Title: Honey Girl
Author: Morgan Rogers
Publisher: Park Row
Publication Date: February 23, 2021
Genre: Women’s Fiction, LGBTQ
When becoming an adult means learning to love yourself first.
With her newly completed PhD in astronomy in hand, twenty-eight-year-old Grace Porter goes on a girls’ trip to Vegas to celebrate. She’s a straight A, work-through-the-summer certified high achiever. She is not the kind of person who goes to Vegas and gets drunkenly married to a woman whose name she doesn’t know…until she does exactly that.
This one moment of departure from her stern ex-military father’s plans for her life has Grace wondering why she doesn’t feel more fulfilled from completing her degree. Staggering under the weight of her parent’s expectations, a struggling job market and feelings of burnout, Grace flees her home in Portland for a summer in New York with the wife she barely knows.
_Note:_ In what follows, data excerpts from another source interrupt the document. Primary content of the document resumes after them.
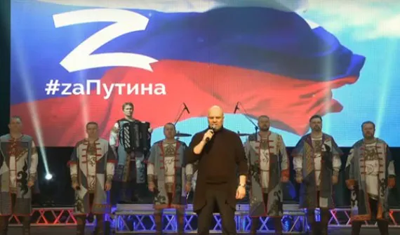 Артисты выступили на сцене филармонии на фоне триколора и хэштега «zaПутина».
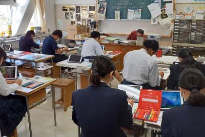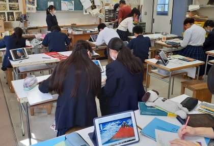 名画と同じ色合いを出すのに苦労しています。(副校長)
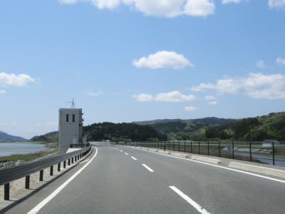 | 緩やかなS字を描きながら防潮堤の天端の高さまで上り、以降は防潮堤の上を走る。吉浜小学校跡を通り過ぎると北上川沿いとなり、防潮堤はそのまま堤防へと変わる。左側には北上川、右側には皿貝川が流れており、左右どちらも低くなっているため見通しが非常に良い。 | ||

In New York, she’s able to ignore all the constant questions about her future plans and falls hard for her creative and beautiful wife, Yuki Yamamoto. But when reality comes crashing in, Grace must face what she’s been running from all along—the fears that make us human, the family scars that need to heal and the longing for connection, especially when navigating the messiness of adulthood.
Why This Book
Honey Girl has, in my opinion, been erroneously marketed as an LGBTQ romance. While the romance is woven through, the main focus is much more on Grace herself as she tries to figure out her place as a female person of color in a white male dominated field. But what really stole the show in this book are Grace’s and Yuki’s friends. Most of them are part of the LGBTQ community, so some of their relationships flirt between friendship and romance, but the friendship always felt like the stronger piece to me.
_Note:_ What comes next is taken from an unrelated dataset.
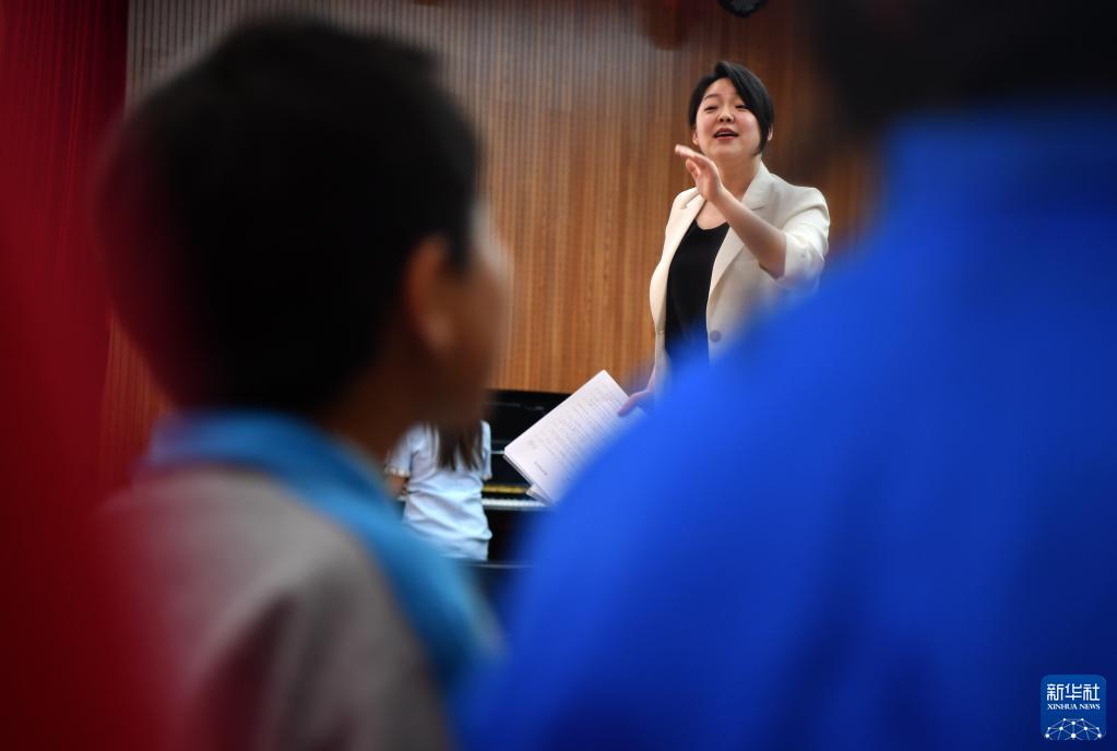 5月24日,在許昌市特殊教育學(xué)校,志愿者白一童指導盲童合唱團的團員進(jìn)行練習。

I adored all of their friends. They’re there for Grace and Yuki, respectively, through all the good and bad. They encourage each other and are always there with an ear and a shoulder. They’re all also a lot of fun with wonderful personalities that helped balance each other out while also making them complex all on their own.
Reviews
My review: “The focus on her friendships was also absolutely stunning. None of them were perfect, none of them had their lives figured out, but they were always, unquestioningly, there for each other. Not only did this turn out to be a gorgeous story about Grace’s journey, but it was also a lovely story of the strength of friendship”
Beyond a Bookshelf gave this 5 stars, saying “It’s about the love your friends provide you with, the love you can get from a found family, the love you receive from your significant other, and most importantly: the love you show to yourself”
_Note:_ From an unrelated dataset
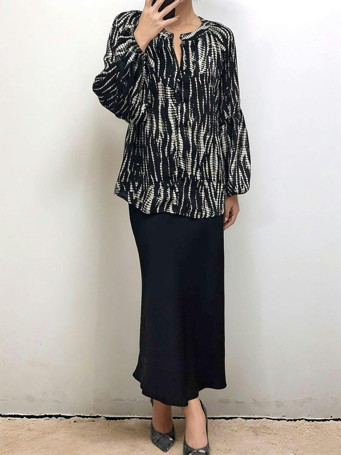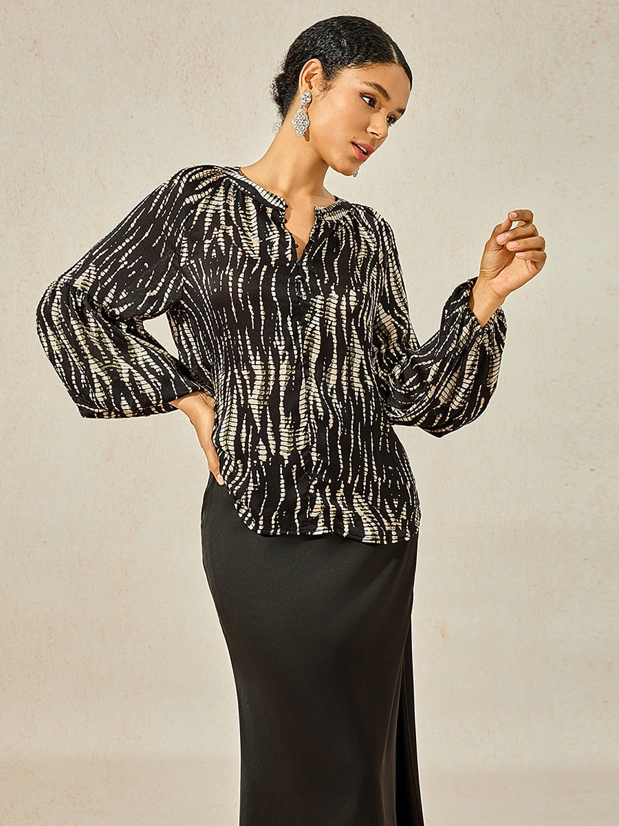 This women's blouse is crafted from a luxurious satin, offering a lightweight and breathable feel for comfortable all-day wear. Designed with a sophisticated notched collar, elegant lantern sleeves, and a striking abstract marble print, this blouse effortlessly combines modern style with timeless elegance.

Cozy Critiques rated this a 4, saying “It’s about the friends, family, and loved ones that stick by you and who you stick by as you all try to figure your shit out”
Word Wonders recommends this, saying “Morgan Rogers didn’t shy away from portraying very intense friendships where each person would die for the other, where everyone loves fiercely and where loving someone doesn’t mean coddling them but exposing their truths to them, which only makes them love you harder (even if they might hate you for a moment or two)”
The Quiet Pond said “Grace’s experience shows that each person she invites into her found family carries a different piece of her, and each person in her family of origin is a tangled string she can’t quite detach or unwind. People are messy and complicated, and sitting with that mess is sometimes really hard, but the people who sat with her made it worthwhile”
Life of a Female Bibliophile gave this a 4, saying ” One of my favorite parts about this book is Grace’s friends with their lively personalities and how we see them step up as a strong support system for her. The small intimate conversations with her friends, family, and Yuki (her wife) provided so many candid and tender moments thoroughout the novel”
Purchase Links
Amazon | Barnes & Noble | Books-A-Million | Harlequin | Powell’s | Bookshop | Target | Audible | Hoopla | Walmart | !ndigo | Blackwell’s (UK)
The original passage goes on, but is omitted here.